The rate at which science and technology are improving the ability to extract data from photos and videos is truly astounding.
A few years ago, search engines, like Google Image Search, gained the ability to match color sets. You can upload or link to a picture and have Google show you a bazillion other images with the same colors in them.
More recently, Google demonstrated the ability to recognize the content of some photos. If you upload a picture into Google+, Google will automatically add a hashtag to it based on the content. It works much of the time, but not always.
Upload people pictures, and Google can tell if the people in the images are adults or children and if people are smiling or not smiling. If you upload two group shots of the same group and don’t have everyone smiling in each, Google will combine the images into a near-perfect group shot where everyone is smiling. It’s pretty amazing.
Facebook is no slouch, either, when it comes to processing photos—especially recognizing faces. Sometime earlier this year, Facebook’s DeepFace facial recognition research project crossed a threshold where it can now recognize human faces in photos as well as people can, more or less. (As of March, Facebook was 97.25 percent accurate while people are generally 97.53 percent accurate.)
Note that DeepFace is still in the lab, specifically the Facebook AI research group in Menlo Park, Calif. Facebook hasn’t publically deployed it yet, instead using a lesser facial recognition technology for everyday use.
Such ability isn’t exclusive to Facebook—numerous companies and multiple university research labs are developing similar capabilities, as are major law enforcement agencies like the FBI. Many of these technologies take different approaches.
Facebook’s is especially interesting and usable because it mimics the human brain, using some 120 million different parameters. By showing the system two photos of the same person, the software constructs a 3D model of the face, so it can recognize faces from any angle.
This technology is not widely applied, but it could be and almost certainly will be. Any image—a publicly posted smartphone picture, bank camera image, security camera, store camera, etc.—could be fed into the algorithm to discover your identity.
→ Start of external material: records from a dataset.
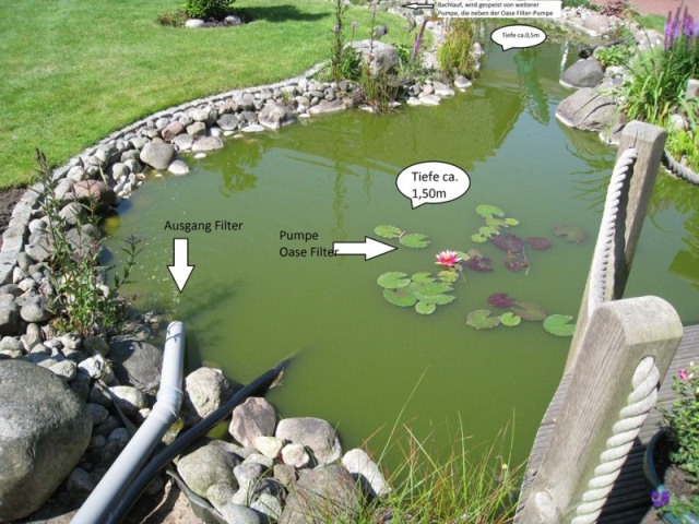 Desweiteren haben wir einen Bachlauf, der von einer anderen Pumpe ebenfalls gespeist wird, ich hänge noch eine Übersicht vom Teich als Anhang bei. Uns wurde gesagt, dass die Umwälzung des Wasser zwar nicht soo optimal ist, wenn der Bachlauf jedoch ständig gespeist wird, es dennoch klappen sollte.
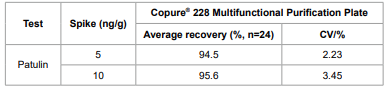Biocomma established a high-throughput LC method usingCopure® 228 Multifunctional Purification Plate for detectionof patulin in apple cider with good recovery and stability foryour reference. The recoveries were 90-110%, and CV valuebetween wells was less than 5% at both 5 ng/g and 10 ng/g concentrations. This method is also applicable to fruit andvegetable juices and alcoholic foods.
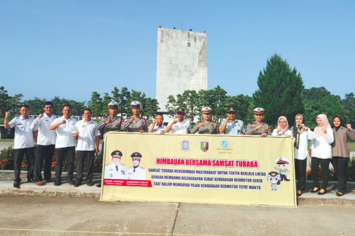 Kapolres Tulang Bawang Barat AKBP Sunhot P. Silalahi , S.I.K, .M.M, yang diwakili Kasat Lantas Polres Tubaba IPTU Suarjono Surya Ninggrat, S.H, M.H bersama KA UPTD Aris Munandar, S.H.M.H, memberikan himbauan kepada masyarakat untukberhati-hati saat berkendara dan tetap patuhi peraturan lalulintas serta mengajak masyarakat untuk taat bayar pajak kendaraan bermotor.
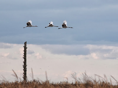 草原の隅に3羽のタンチョウを見つけました。
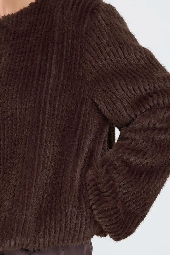 Elevate your outerwear collection with the CIKORA Jacket, crafted from rich chocolate brown faux fur. This jacket offers luxurious warmth and a plush texture, making it ideal for chilly days without compromising style. Its refined design complements both casual and formal looks, providing versatile comfort and timeless elegance. Perfect for sophisticated layering, the CIKORA Jacket delivers expert-quality fashion with ethical materials.
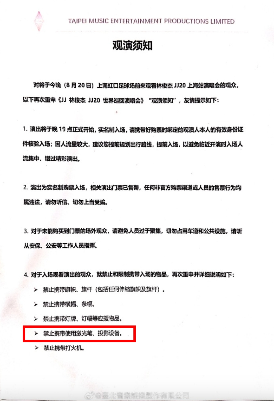 對此,林俊傑在20日開演前特地發佈觀演須知,明訂「禁止攜帶使用激光筆、投影設備」等,並在內文中表示:「再次重申!友善提示!」展現出保護藝人的決心。
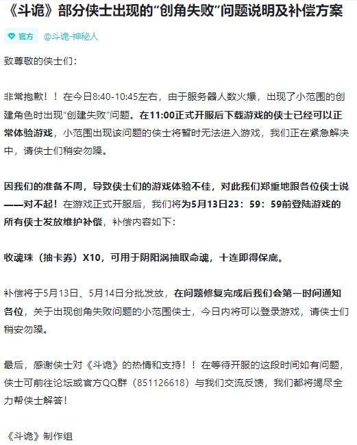 补偿将于5月13日、5月14日分批发放,在问题修复完成后我们会第一时间通知各位,关于出现创角失败问题的小范围侠士,今日内将可以登录游戏,请侠士们稍安勿躁。
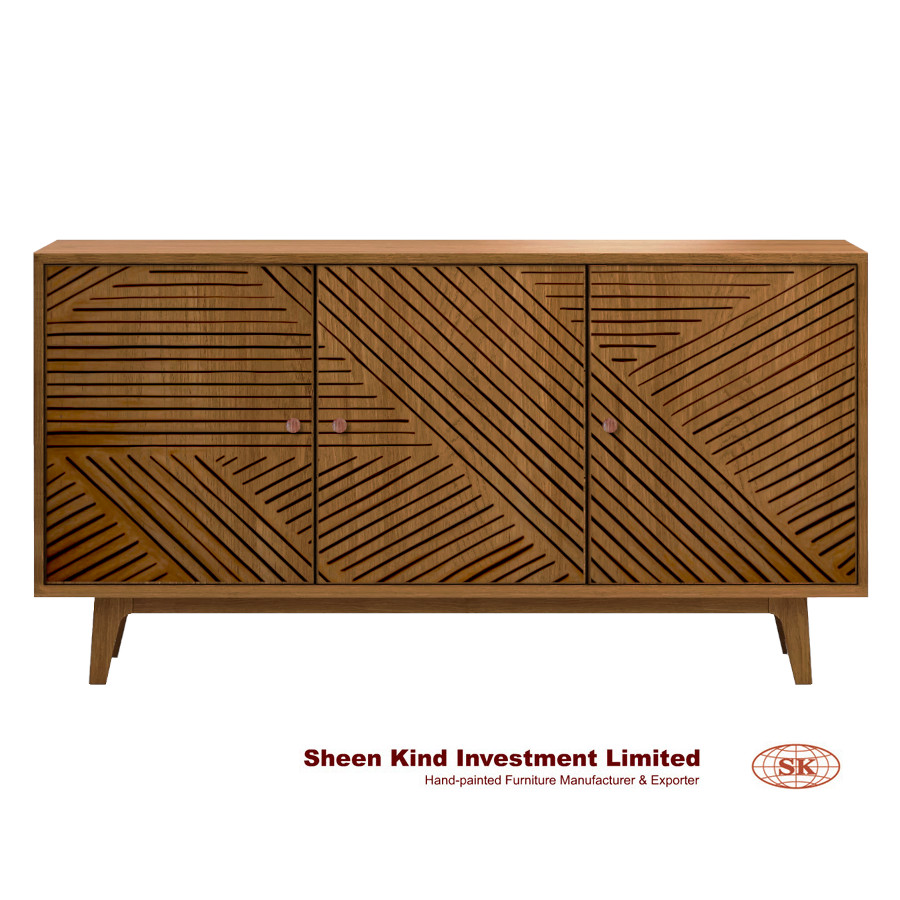 Striped Sideboard 64"L x 18"W x 33"H Material: Solid wood, wood veneers & engineered hardwood The interplay of linear elements on this sideboard generates a sophisticated visual rhythm, demonstrating precision in geometric design Intricate striped patterns hand-painted by our artisans Three doors with interior shelves provide convenient ample storage Painted walnut finish
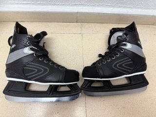 Patines de hockey sobre hielo en talla 33. Diseñados para ofrecer buen soporte y comodidad. - Cierre con cordones. - Diseño deportivo en negro y gris. - Hoja de acero inoxidable.
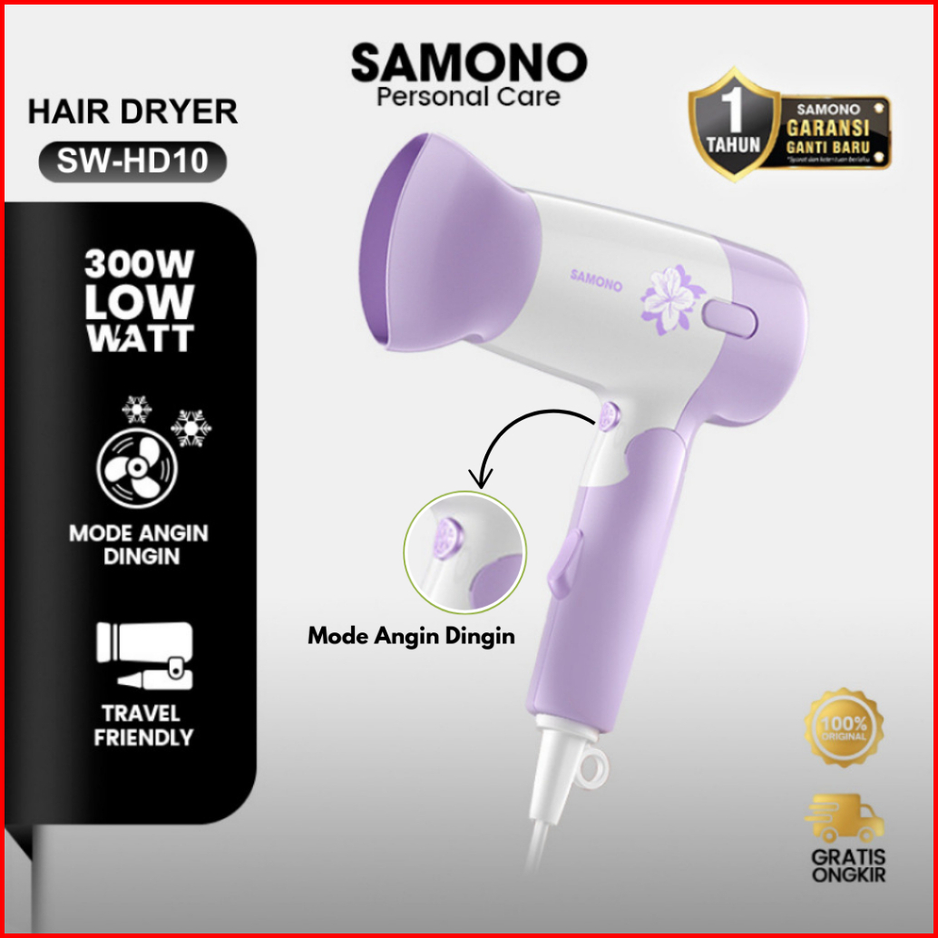 Samono Hair Dryer 300 Watt Mode Angin Dingin Travel Friendly Garansi 1 Tahun Ganti Baru Sw-hd10
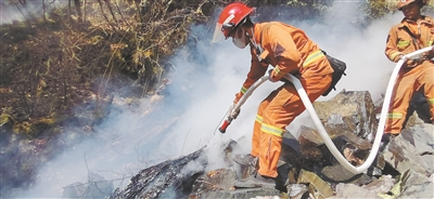 4月5日凌晨4時,隊伍在熟悉當?shù)氐匦蔚南驅(qū)ьI下,沿著陡峭的羊腸小道像巖羊一樣在山石間攀緣前進。到達山頂后,隊員們采取多點突破分段阻擊的戰(zhàn)術,沿火線邊挖隔離帶邊清理邊緣火。分段作業(yè)完成后,隊員們開始清理跡地余火,當日,火場就被控制下來,第二天便轉(zhuǎn)入清理值守階段。4月7日,隊員們拖著疲憊的身軀回到營區(qū)。
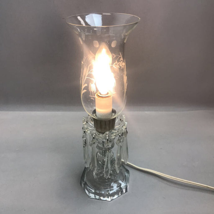 Vintage Crystal Parlor Lamp with Prisms 7 Etched Chimney (15")
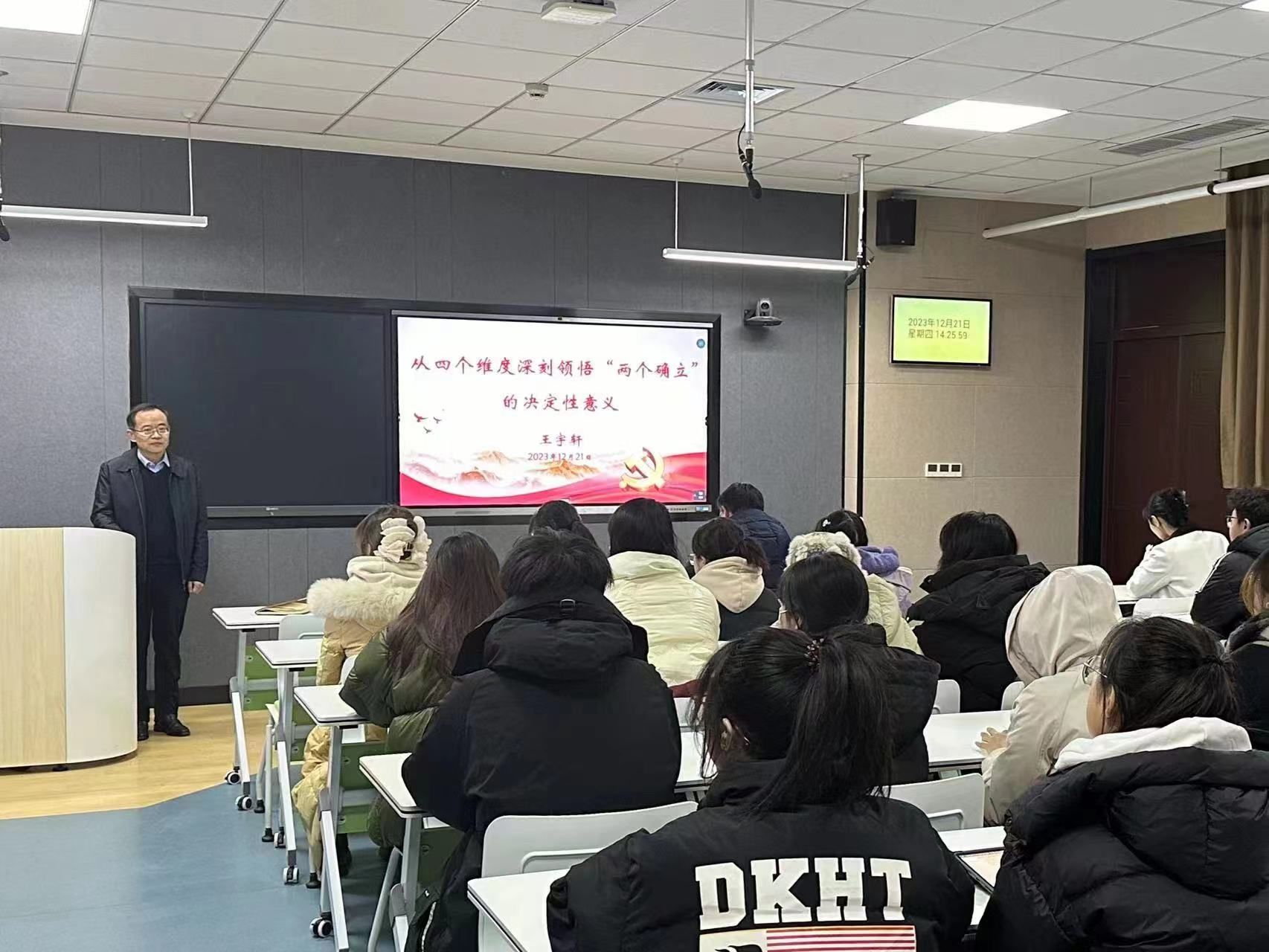 为深入学习贯彻习近平新时代中国特色社会主义思想,加强思想政治引领,凝聚青年紧跟党走,12月21日,校(院)党委委员、副校(院)长王宇轩在教学南楼C2018为beat365在线唯一官网学生干部骨干讲专题思政课。beat365在线唯一官网党委书记张延玲主持活动。 王宇轩以《从四个维度深刻领悟“两个确立”的决定性意义》为题,围绕深刻领悟“两个确立”的理论必然、历史必然、现实必然以及实践必然四个维度对“两个确立”的科学内涵和决定性意义...

It’s safe to ssume that this is pretty much going to happen; any business or law enforcement agency or schmuck with a smartphone or Google Glass-like smart glasses will be able to instantly know who you are wherever you go.
Now, this week we’ve learned about some really incredible technology developed independently at Google and at Stanford (a university that’s less than six miles away—must be something in the water) as well as Baidu (China’s Google), University of California, Los Angeles, the University of Toronto and University of California, Berkeley.
All research groups are using neural net artificial intelligence to enable computers to understand what’s happening in a picture, although their methods vary.
Image Search, Analysis Emerge as Powerful Tools, Privacy Threat
In a nutshell, these systems identify objects in a photograph—say, a boy, a dog, a ball, a tree, a park, a bird, some clouds and so on—then use sophisticated artificial intelligence to understand that the boy is throwing the ball for the dog to chase in a park and that the bird isn’t involved in the main action of the photo.
Combine this technology with face recognition and anyone with access (which will be everyone) will be able to search the Web for people doing things or involved with or associated with some activity.
In addition to photographs, video is a rich source of actionable data. A company called Placemeter pays New York City users up to $50 per month to install their app in an old smartphone and point that smartphone at a city block.
The software identifies places and people (that is, it can tell people are humans, but can’t tell their identities), then counts how many people walk by, enter and exit stores and other data of value to retailers, city planners and others. After Placemeter extracts the numbers they’re looking for, the video is deleted.
Placemeter is just one example of a future industry where mass video and photo surveillance will be crowd sourced.
It’s easy to see where all this is going. Cameras are terrible for harvesting data when humans have to pour over them to interpret every picture and every scene. But cameras are the ultimate sensor when artificial intelligence can be applied to the task of looking at photos and videos to extract data from them.
Once that data is indexed, it becomes super easy to use it and zero in on the photos and videos—or just use the related data without ever referring to the images themselves.
As with all such technology, the outcome will be a mixed bag of good and bad. Obviously, this is powerful stuff (in a dystopian science fiction sense, minus the fiction part) for the computerized surveillance state and poses a threat to the privacy of every human being on the planet.
But it’s also powerful stuff that ordinary individuals will have some access to. You’ll be able to set up rules for your home security system that says: “Alert me when the UPS driver throws a package.” Or “send me video every time someone other than my family members enter the house.” You’ll be able to set up alerts that will send you a link when someone posts a very specific picture or video on the Web.
And robots will have access, too. The ability to recognize photos and videos combined with other artificial intelligence will enable robots to respond in a more human-like way.
Love it or fear it, this technology is happening—right now.